When the rated flow rate is 1.5 m/s, the DC load power of 500 W_ORI TCT is 300 W, and 500 W_OPT TCT is 330 W. The calculated efficiency of the available generator to the DC load is about 63%, that is, the TCT capture efficiency of 500 W_ORI TCT is 476.19 W, and 500 W_OPT TCT is 523.81 W, increasing by 8.96%. At the same time, the measured max power coefficient of the 500 W_OPT TCT is increased 46.1% compared with the 500 W TCT.


The hydrodynamic performance of the OPT_24 hydrofoil is enhanced, the maximum lift-drag coefficient increases by 0.4%, and the lift coefficient increased when the angle of attack is large. The power efficiency at the optimal tip-speed ratio of 500 W_OPT increased by 46.6% compared to 500 W_ORI. The weight of 500 W_OPT under empirical structure design reduced 4.13% compared to 500 W_ORI under empirical structure design, and the maximum strain and maximum tip deflection decreased by 11% and 7%.
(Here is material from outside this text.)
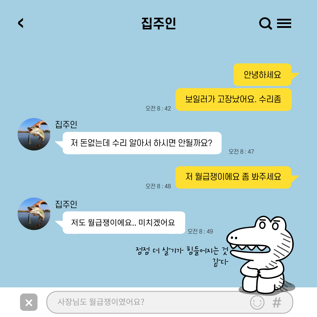 "이제 집수리 못해줘요~ 알아서 고쳐서 쓰세요. 나도 먹고 살아야지~ 임대인이 뭐 자원봉사자에요? 응? 뭐 법이라고요?

The weight of 500 W_OPT after structure optimization is 13.76% less than the 500 W_ORI, and the maximum strain and maximum tip deflection decrease by 10.85% and 27.52%

The results of the test are basically consistent with the results of the simulation, and the mass of the actual 500 W_OPT blade is reduced by 11.3%, and the stress distribution is significantly better than that of 500 W_ORI. In the sea water test, 500 W_OPT was able to start at the flow rate of 0.5–0.6 m/s and the maximum energy capture efficiency increased by 46.1% which is consistent with the simulation results. The design goal has been basically achieved.